I am already running an rsync mirror for Gentoo, and that has proven to be an easy setup and reliable.

What I would like is something like http-replicator but that is actually maintained and has a Debian Squeeze package available. I've looked at Squid and it was just too much, I would like something simpler.
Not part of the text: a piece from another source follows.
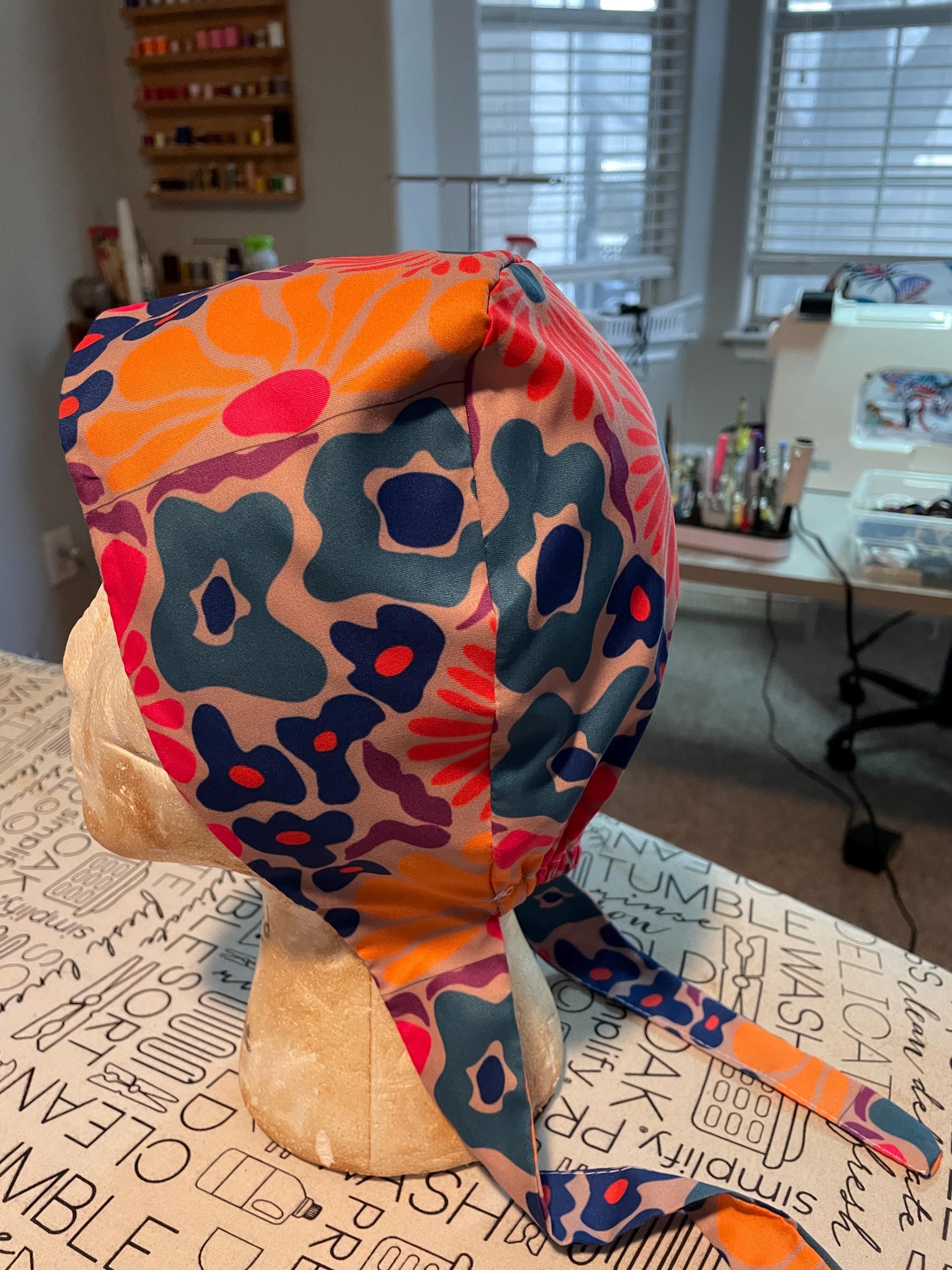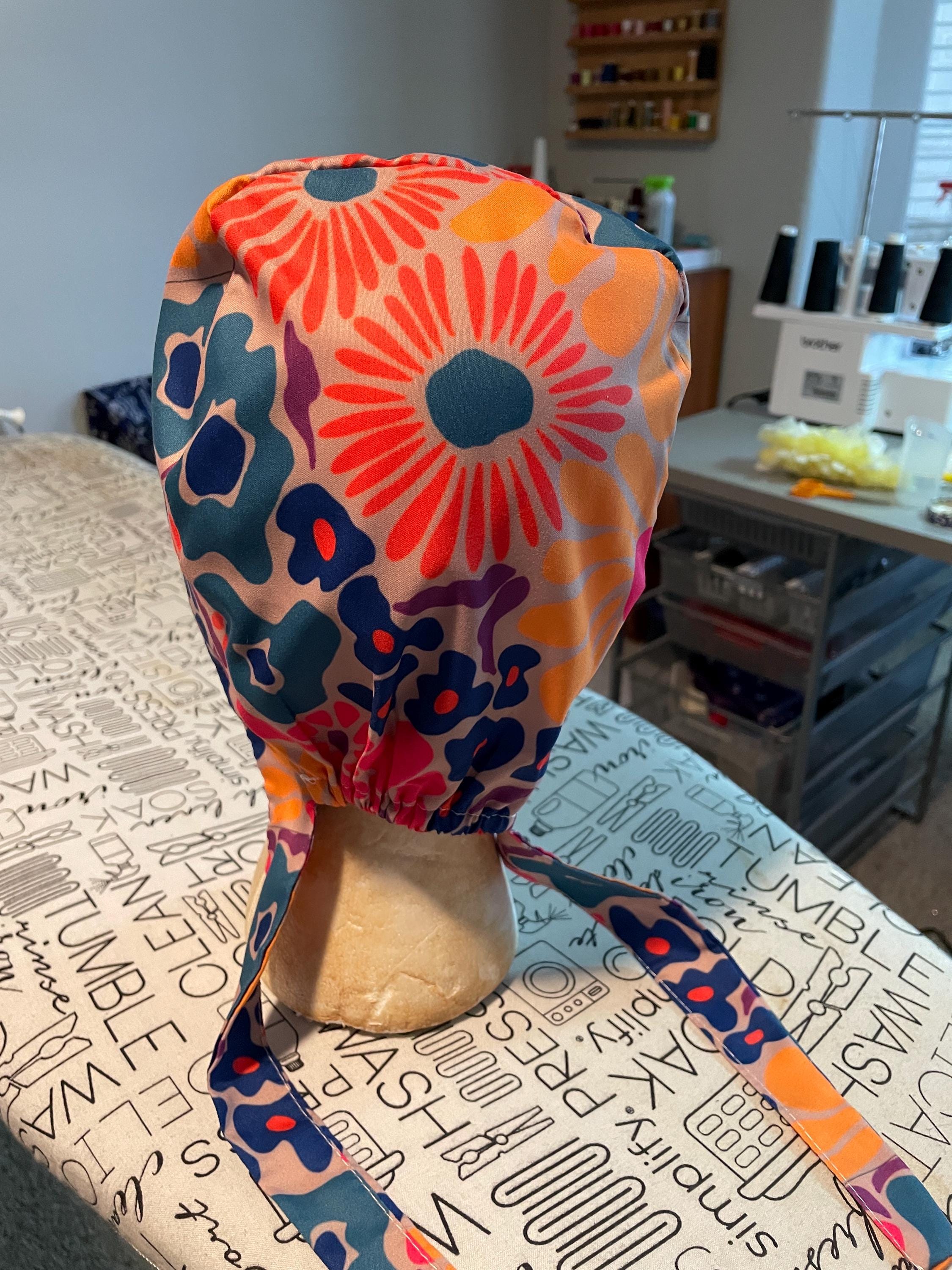 Colorful tie back scrub hat

I also looked at Polipo and that seemed to be on the right track, but suffered this fatal flaw.

All of the distfiles on the Gentoo mirrors are the same, but if you attempted to download the same file from a different source mirror, Polipo would think it was a different file, resulting in a cache miss. http-replicator didn't suffer this issue, and since I don't administrate all of the Gentoo boxes, I don't think I can guarantee a high level of compliance on mirror selection, since most people just do it with mirrorselect, anyway.

So I'm looking for something that is:

  1. Pretty easy to set up and doesn't require too much fiddling or complicated cache-expiring setups
  2. Can act as a transparent HTTP proxy
  3. Will deliver the same local file, even if it is being "downloaded" from a different server
  4. Doesn't require mirroring of the entire collection of all Gentoo distfiles

Is this too much to ask?

Best Answer

You can use use apt-cacher-ng easily.

Remap-gentoo: file:gentoo_mirrors http://distfiles.gentoo.org/ /gentoo ; file:backends_gentoo # Gentoo Archives

  • In the file gentoo_mirrors, put all of the mirrors you want to capture.
  • In the file backends_gentoo, put the backup mirror you want to use for fetching.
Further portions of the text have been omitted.